#### Input data
--------------------------------

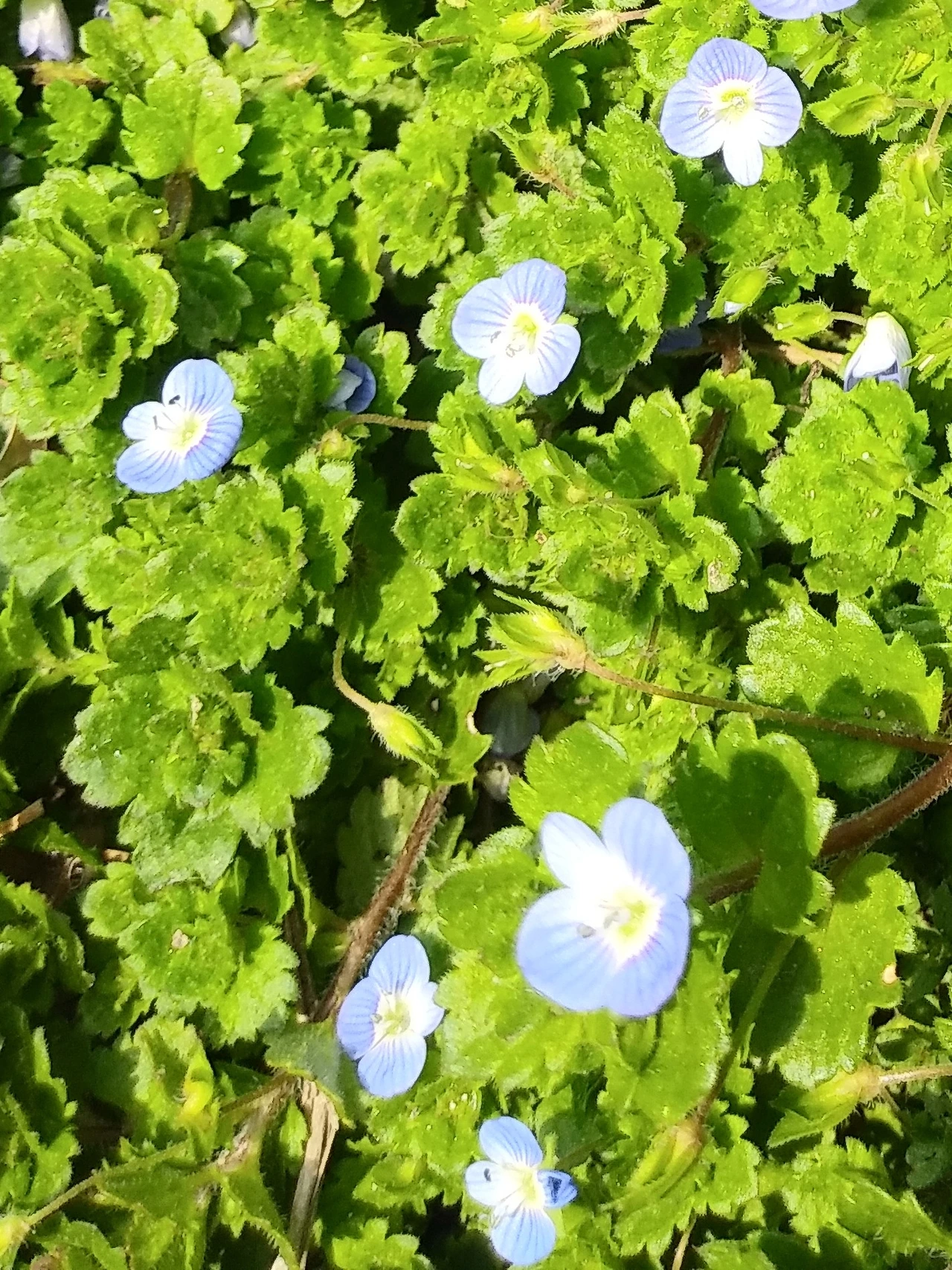 조그마한 하늘색 들꽃이 길섶 곳곳에 피어 있다. 모야모에 물어본다. 큰개불알풀이란다.
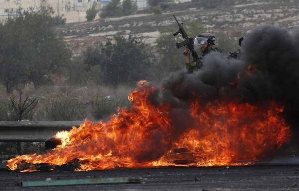 Israeli security forces stand behind burning tires during clashes with Palestinians in Beit El, near the West Bank city of Ramallah, on Friday. The leader in the Gaza Strip of the Islamist group Hamas, Ismail Haniyeh, dubbed unrest shaking Israel, occupied east Jerusalem and the West Bank as a new intifada, or uprising, and urged Palestinians on to further confrontation.ABBAS MOMANI/AFP / Getty Images
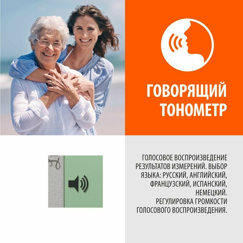 | Функции | голосовое оповещение / измерение пульса / режим нескольких измерений |
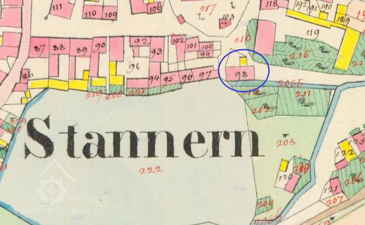 Popis1930: 1 kolo na svrchní vodu, hltnost 0,188 m3/s, spád 3,6 m, výkon 4,56 HP
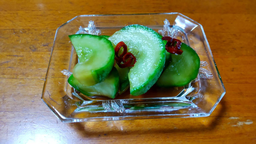 摘果メロンの漬物🍈鷹の爪を入れるとちょっピリ辛。厚めに切ると口のなかでバリバリ歯ごたえよく、白いごはんとの相性バツグンです🙂
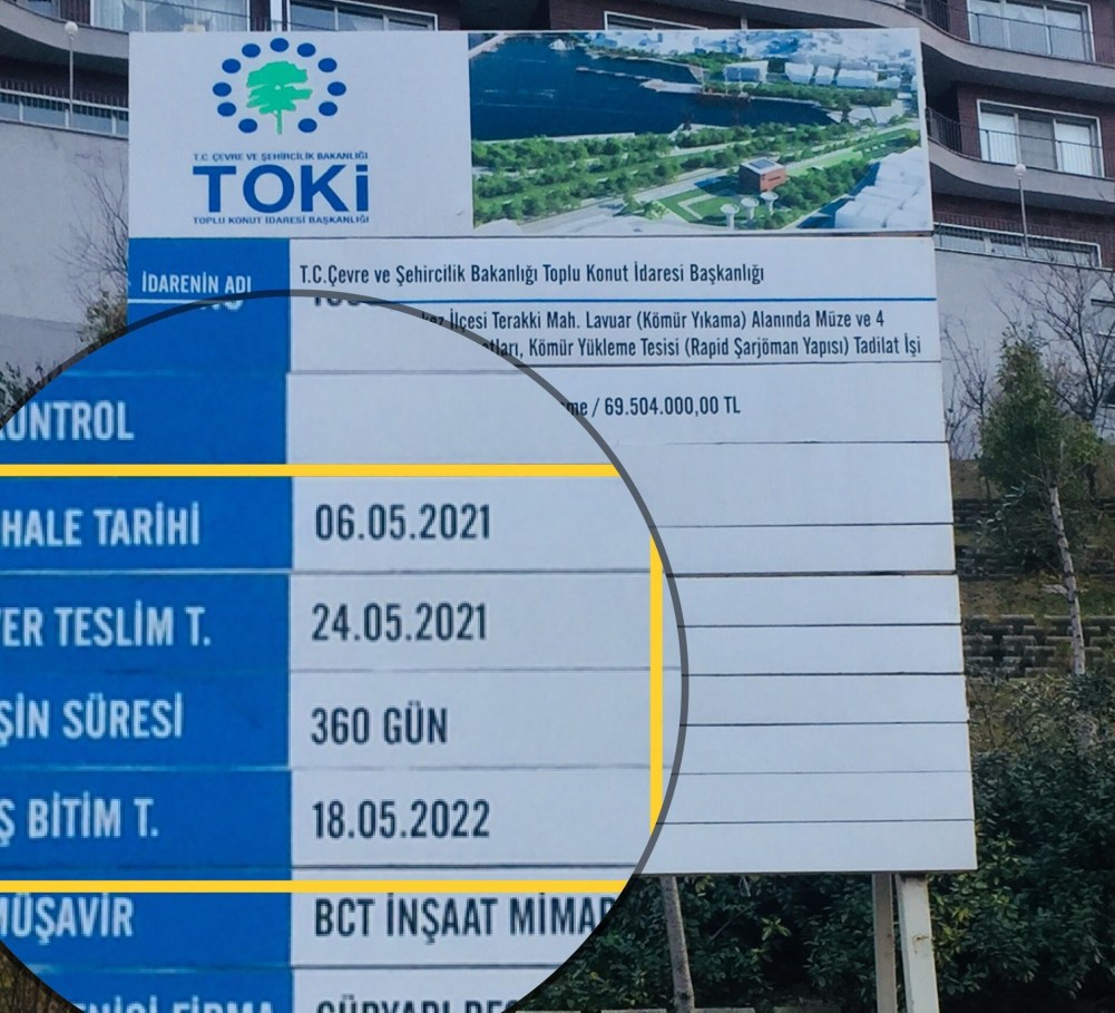 “Zonguldak merkezdeki Türkiye Taşkömürü Kurumuna ait eski kömür yıkama tesisi ve çevresinde TOKİ tarafında yürütülen "Lavuar Alanı Projesinin” ihalesi 06.05.2021 tarihinde yapılmış ve 18.05.2022 tarihinde işin tamamlanacağı ilan edilmişti.
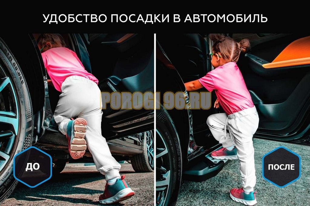 Очень часто автолюбители сталкиваются с проблемой, что при высадке пассажиров из рядом стоящего автомобиля, повреждается кузов Вашего авто. Подножка решит эту проблему и возьмет весь удар на себя!
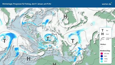 Wie wird sich die aktuelle Wetterlage in den nächsten Tagen entwickeln? Dieses Video zeigt eine Prognose für die Zugbahnen der Tiefdruckgebiete (Tiefs) und Hochdruckgebiete (Hochs) über dem Nordatlantik und Europa. Die Ausläufer der Tiefs können Wolken, Regen, Gewitter oder Schnee bringen. Ruhiges Wetter gibt es eher bei Hochdrucklagen. Besonders im Sommer kann es dann auch viel Sonnenschein geben. Die rundlichen Linien werden Isobaren genannt. Eine ausführliche Erläuterung der aktuellen Wetterlage findet sich in der Regel im aktuellen Wetterbericht von wetter.de. Dort werden oft auch die Namen der aktuellen Tiefs und Hochs vorgestellt. Prognose vom 08. Januar 2026 um 03:00 Uhr
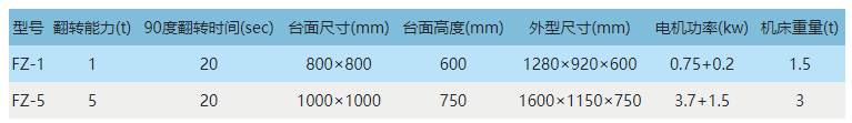FZ系列翻转机是我公司针对模具、模胚料、钢板材料,而专业推出的一款新型模房专用设备,它采用电永磁磁盘快速装夹,可实现工件正面与侧面的90度翻转工作,具备翻模机同等功能,已获国家专利(专利号:ZL200820206325.5)
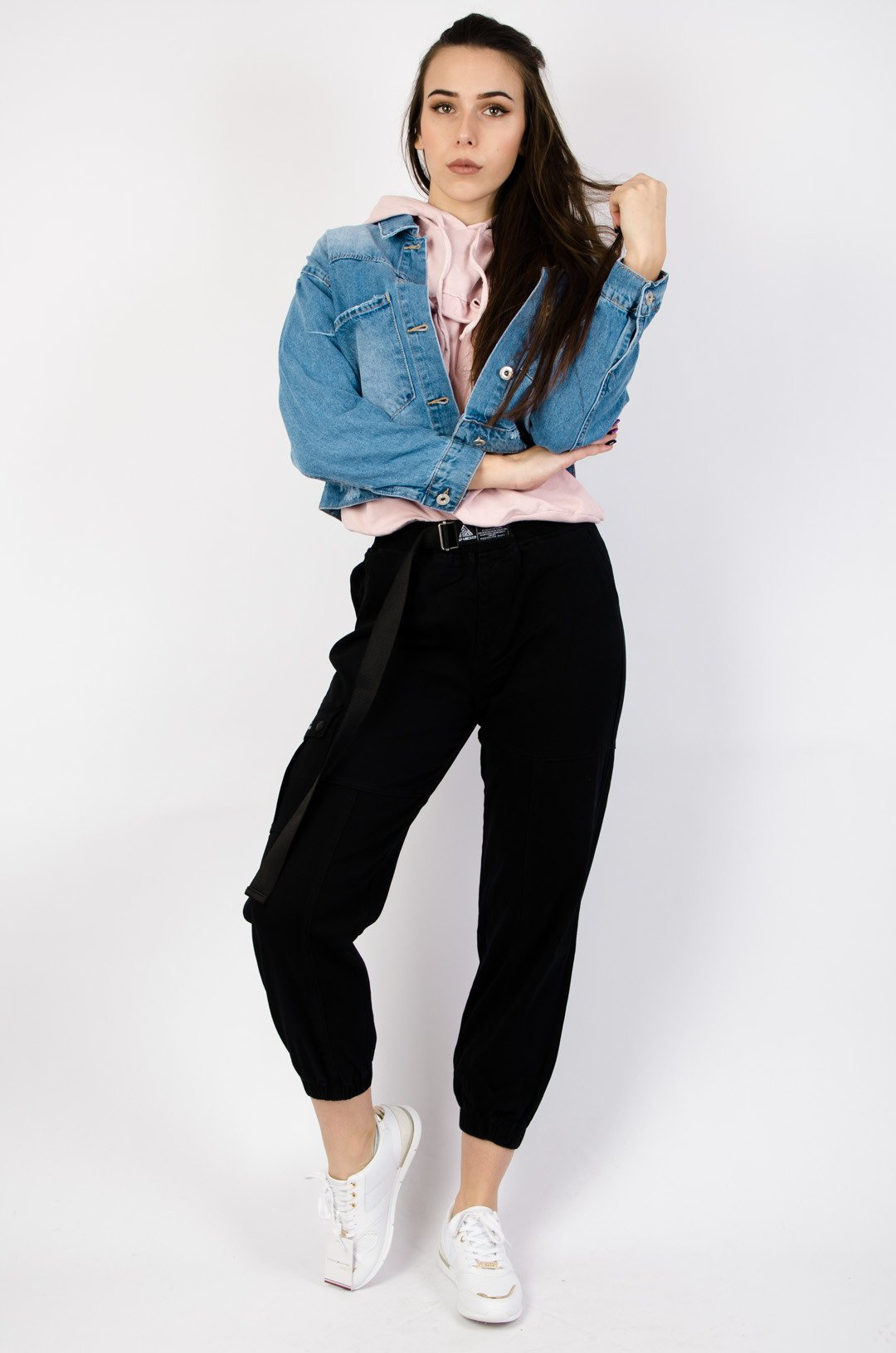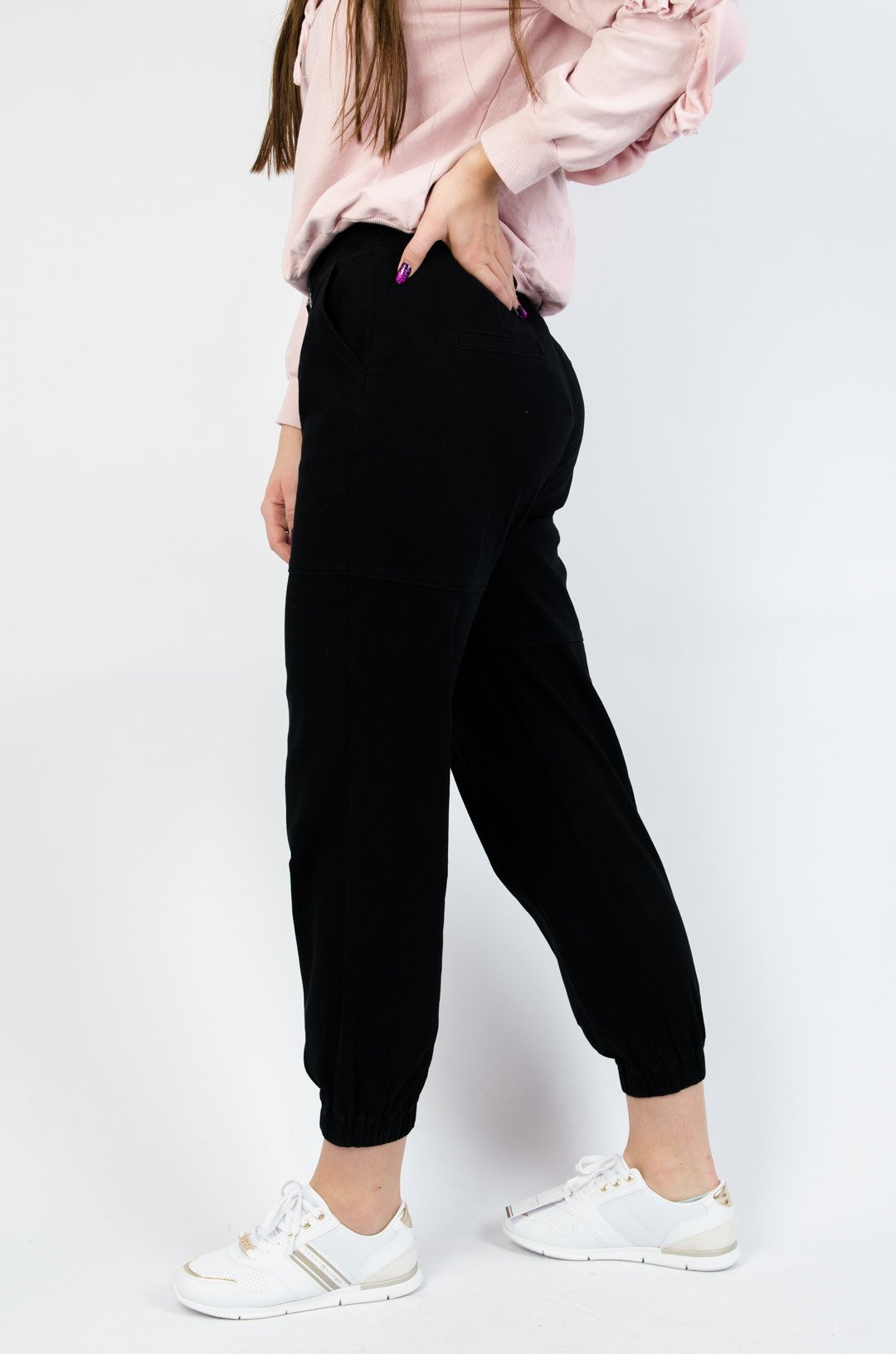 CZARNE SPODNIE TYPU JOGGER Z WYSOKIM STANEM
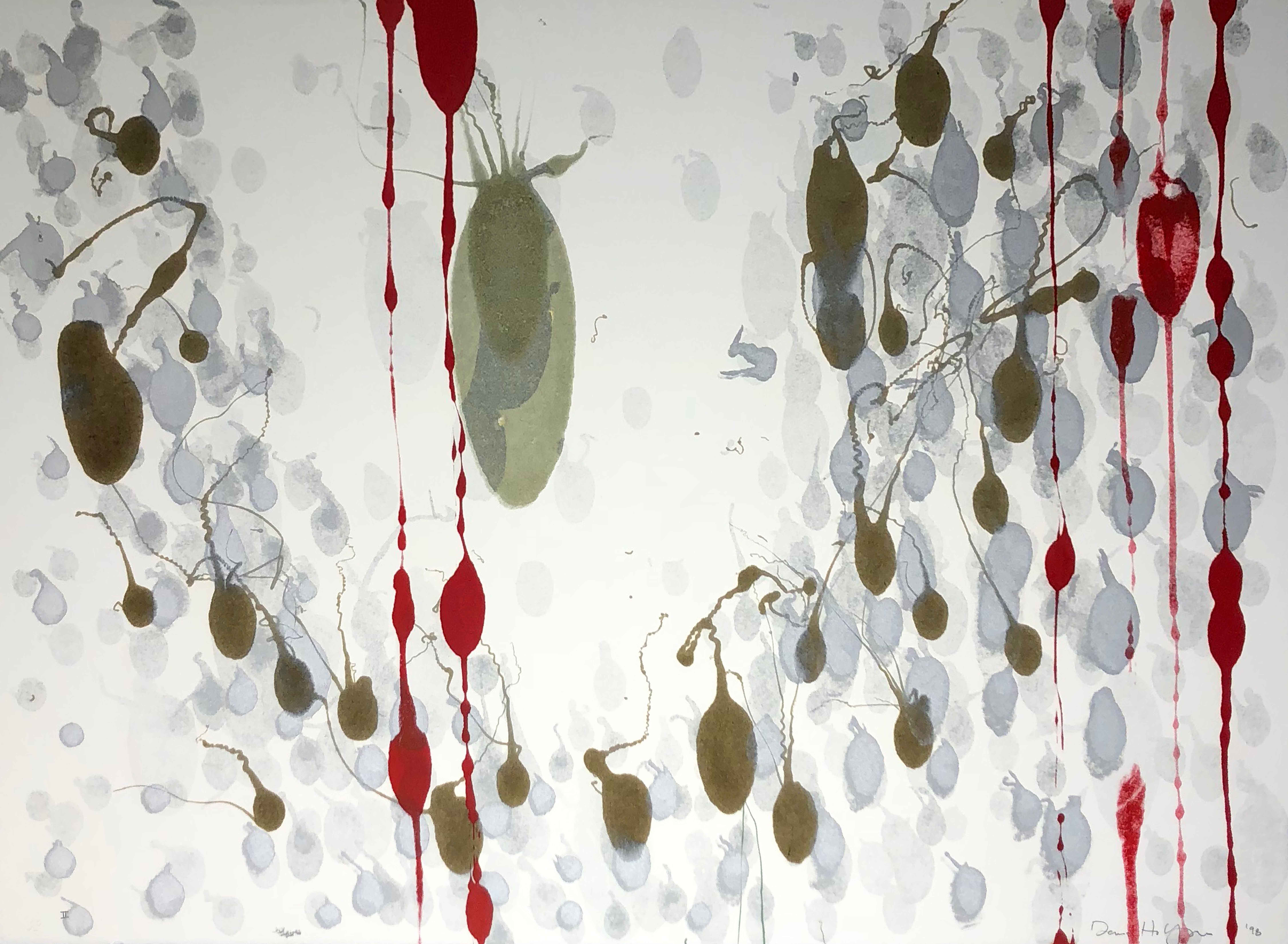 This 1998 monotype demonstrates Hollingsworth's exploration of the medium's unique capacity for spontaneous mark-making and textural experimentation. The work exemplifies his interest in process-driven abstraction, where the unpredictable nature of the monotype technique becomes integral to the composition's expressive quality.
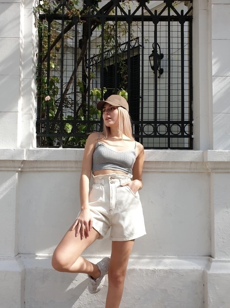 Short crema rígido con botones color cobre hilo marrón. La tela no elastiza pero es muy flexible y liviana.
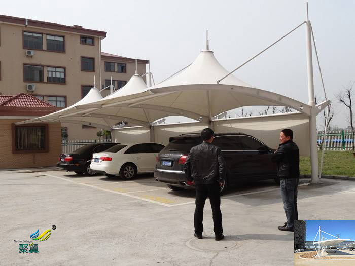 膜結(jié)構(gòu)停車(chē)棚表面上風(fēng)也是膜結(jié)構(gòu)景觀建筑受到青睞的緣故原由之一:目前膜結(jié)構(gòu)景觀建筑的最大跨度已超過(guò)200米,造型獨(dú)特, 新鮮美觀, 色彩雄厚, 別具一格,便于移動(dòng)搬遷或更新改造;膜材料外觀的自潔性高,外觀與太陽(yáng)天然光照越來(lái)越白,且清潔方便。
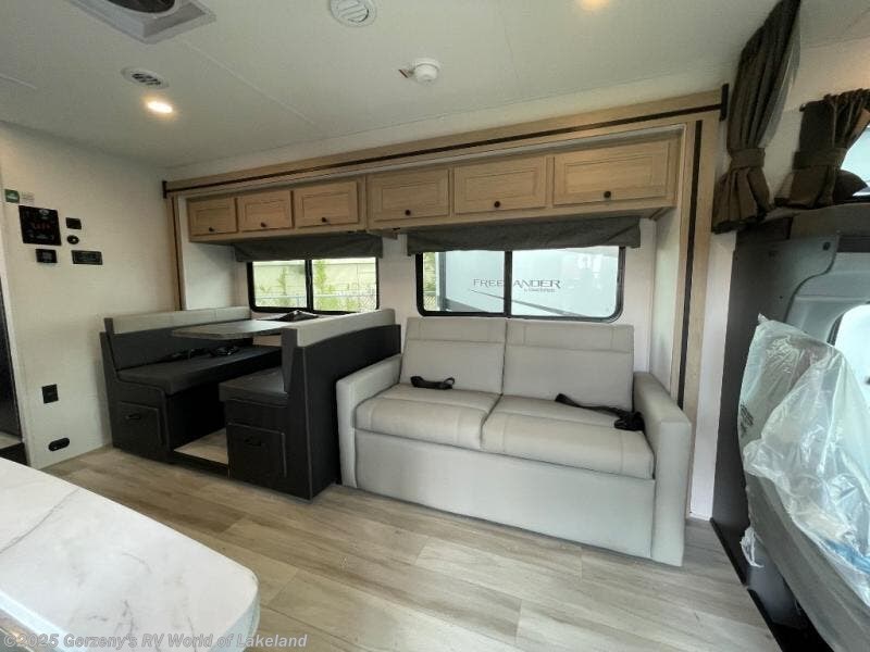 With any Forester LE Class C gas motorhome by Forest River, you will enjoy premier features such as the backup camera/side view cameras with a 3-way monitor the, Winegard Air 360+ digital antenna, and the 15,000 BTU ceiling ducted, ultra quiet roof air with a heat pump when traveling during the warmer months. The exterior includes aluminum framed laminated sidewalls, gel coat exterior fiberglass, a one-piece fiberglass front cap, and slide room toppers. Some of the interior top features are the Maxx Air multi-speed power fan with a cover in the kitchen, the high pressure oxygen infused shower head, and the blackout roller shades for a good night's sleep. Make your selection today!
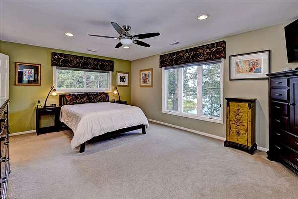 Exceptional Fisher's Creek location on 1.54 acres with waterfront views of marsh, creek, and the James River beyond. Enter the impressive aggregate driveway and emerge into the recently completed firepit sitting area, artfully nestled into the natural landscape. Seller's improvements include $112,400 for decks and $119,800 for hardscapes, firepit, and hot tub installation on waterside balcony. 1st-level bedroom w/en-suite bathroom offers privacy for guests or multi-generational living. 2nd level primary bedroom with large, remodeled bathroom; features include double sinks, tub, shower and 8' x12' walk-in closet. Open loft area provides ambient office or work area, steps away from the 3rd-level waterside balcony. Kitchen with quartz counters, breakfast area, and new ceramic tile floor. Sunroom opens to screened porch and oversized composite deck. Wonderful lower-level recreation room with additional storage space and large workshop. CLICK ON VIDEO ICON (film reel) TO TOUR.

--------------------------------

Look back at the data above, then output exactly the lines from the line holding "This 1998 monotype" up to and including the line holding "Short crema rígido". Leave out the pictures.

 This 1998 monotype demonstrates Hollingsworth's exploration of the medium's unique capacity for spontaneous mark-making and textural experimentation. The work exemplifies his interest in process-driven abstraction, where the unpredictable nature of the monotype technique becomes integral to the composition's expressive quality.
 Short crema rígido con botones color cobre hilo marrón. La tela no elastiza pero es muy flexible y liviana.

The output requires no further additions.